Though her hands were on the neck of her cello and the bow, it was Severne she tried to reach. His cheeks above his perfect, angular jaw darkened with some emotion she couldn’t name. His eyelids lowered to half-mast over his deep green eyes. His hard chest rose and fell as if he needed oxygen to cope with what her music made him feel. His response was heady. More so than a theater full of patrons. Her life was about hiding. Subsuming herself in the music of her cello so she couldn’t be found. But, here, now, she played to be felt, seen, heard, and her music was a call for the intimacy she’d always avoided.
“Enough,” he ordered, and her hands faltered. The bow dropped from the strings and her fingers stilled. But her body continued to tremble. She wasn’t used to reaching out. She moistened her lips. It was as if they’d been in a heated embrace and he’d been the one to break it off and push her away. “Enough,” he repeated, and he stood abruptly.
Katherine stood in response. Again, it was more adrenaline that came to her rescue than courage. She wouldn’t slump defeated in her chair. The rush she experienced in his presence wouldn’t allow it. Her best defense had failed because of that rush. She lifted her chin. She held her cello to the side so she wouldn’t seem to cower behind it again.
Severne’s gaze froze her in place in spite of the heat she could feel from the Brimstone. He looked angry. She had played for him just as he’d asked, but he looked like he might want to throw her out of the opera house.
Never mind the boy.
Never mind Victoria.
She couldn’t let that happen.
“I’m not leaving,” Kat said.
Severne met her wide-eyed stare. He didn’t soften. He didn’t ask her to leave or to play again.
“A bargain, then. You’ll stay. You’ll...play. But only in the orchestra pit with the other musicians or for personal rehearsals. Not for me. And I’ll help you find your sister,” he said.
He crossed the room until they were side by side, but it wasn’t until he walked away that she realized his nearness had distracted her from the calla lily he’d dropped into her open cello case. Its deep purple bloom looked almost black in the dim light.
Never trust a daemon.
But the lily wasn’t a gift. It was only a payment for her song.
Her playing hadn’t displeased him. He had liked it. More than that, he’d been affected by it.
He’d paid for her performance because the music had touched him.

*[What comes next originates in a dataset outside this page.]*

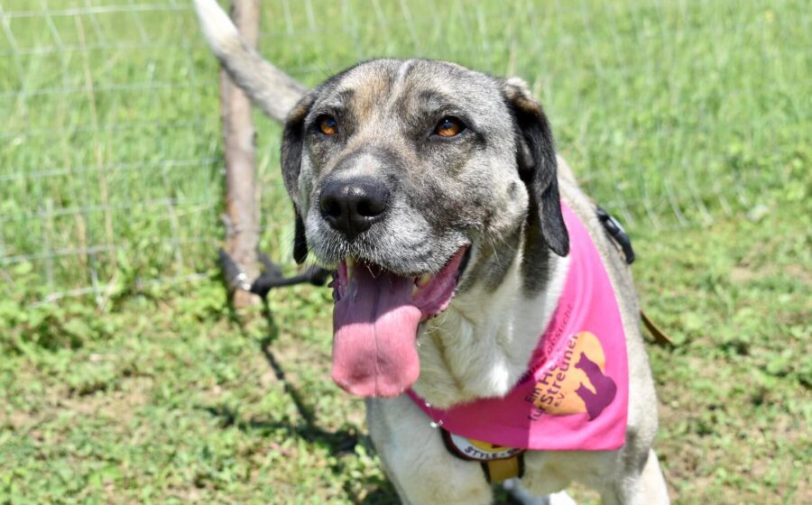 Namida ist etwa 9 Jahre alt, knapp 60 cm groß und wiegt rund 27 kg. Sie ist eine ausgesprochen freundliche, gutmütige und sanfte Hündin. Namida ist keine aktive Draufgängerin – sie ist eher ruhig, genießt ihre Ruhepausen, schläft gern und liebt Streicheleinheiten und Aufmerksamkeit. Außerhalb des Zwingers zeigt sie sich entspannt, lässt sich gerne anfassen, läuft bereits gut an der Leine und wirkt insgesamt sehr ausgeglichen. Sie lernt offenbar schnell und zeigt sich vor Ort als unkomplizierte, angenehme Begleiterin. Mit anderen Hunden kommt sie nach entsprechender Gewöhnung sicher gut zurecht. Katzen durfte sie bereits auch kennenlernen, diese haben sie nicht weiter interessiert.
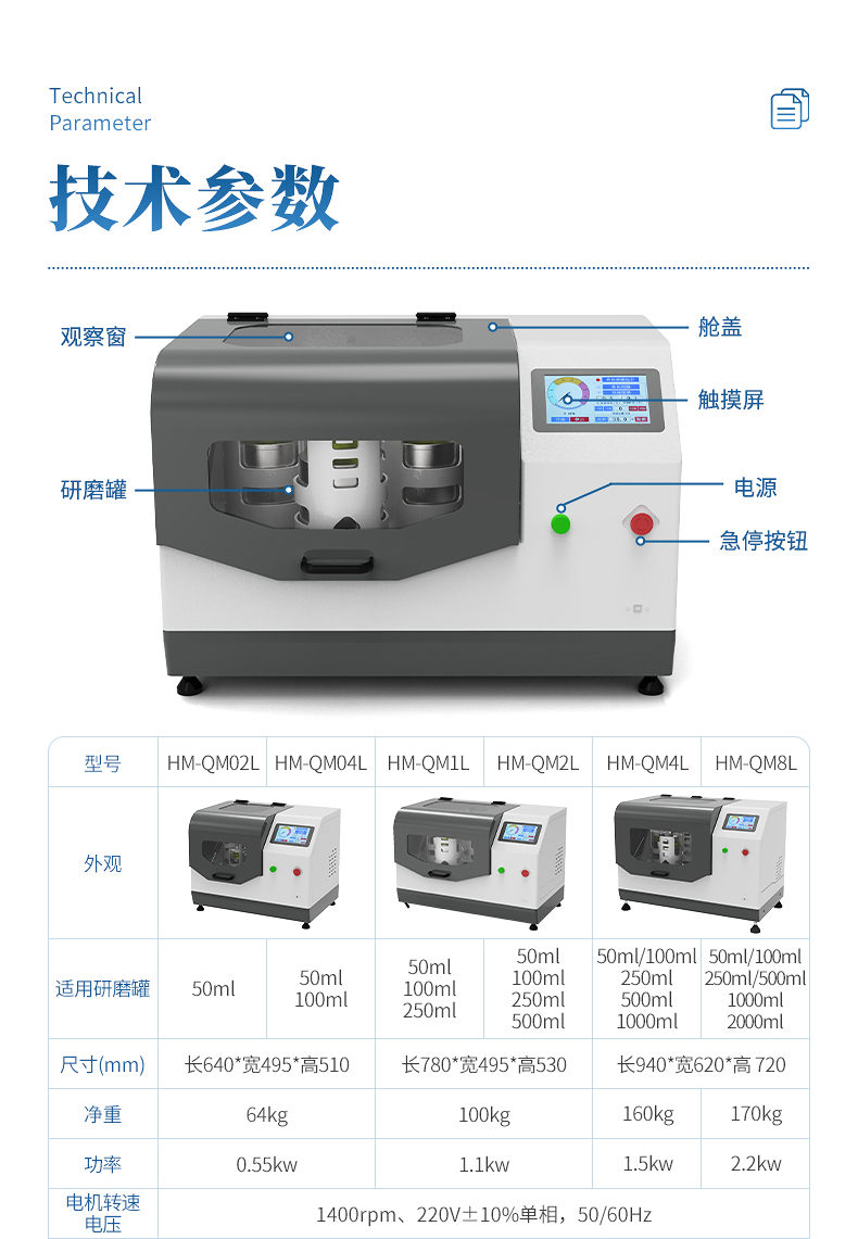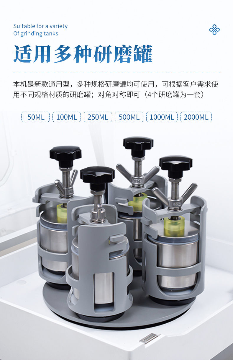 1. 適用研磨罐:本機(jī)是新款通用型,50ml規(guī)格研磨罐,可根據(jù)客戶需求使用不同材質(zhì)的研磨罐;對角對稱即可(4個研磨罐為一套)。

Kat sat again before her trembling legs could give out beneath her. The cello she gripped in one hand wasn’t nearly as comforting as it usually was. Her best defense hadn’t only failed against this particular daemon. It had become something else between them...a seductive promise. He didn’t want her to play for him again because her song breached his defenses. Her inhalations still came quicker than they should. Her skin was heated though the fire had left the room. She shivered in the sudden chill. This was a mistake. But it was one she had to make. For the boy. For her sister.
She had to brave John Severne in order to find her sister even if her music was no shield against him.
Quietly she slowed her breathing and calmed her heart. She vowed never to play for him alone again and to guard against her fascination with the daemon master of l’Opéra Severne.
Because the calla lily hadn’t only been payment for her song. It had been a last-minute substitute. Her lips tingled. He’d been as hungry as she was for another kiss.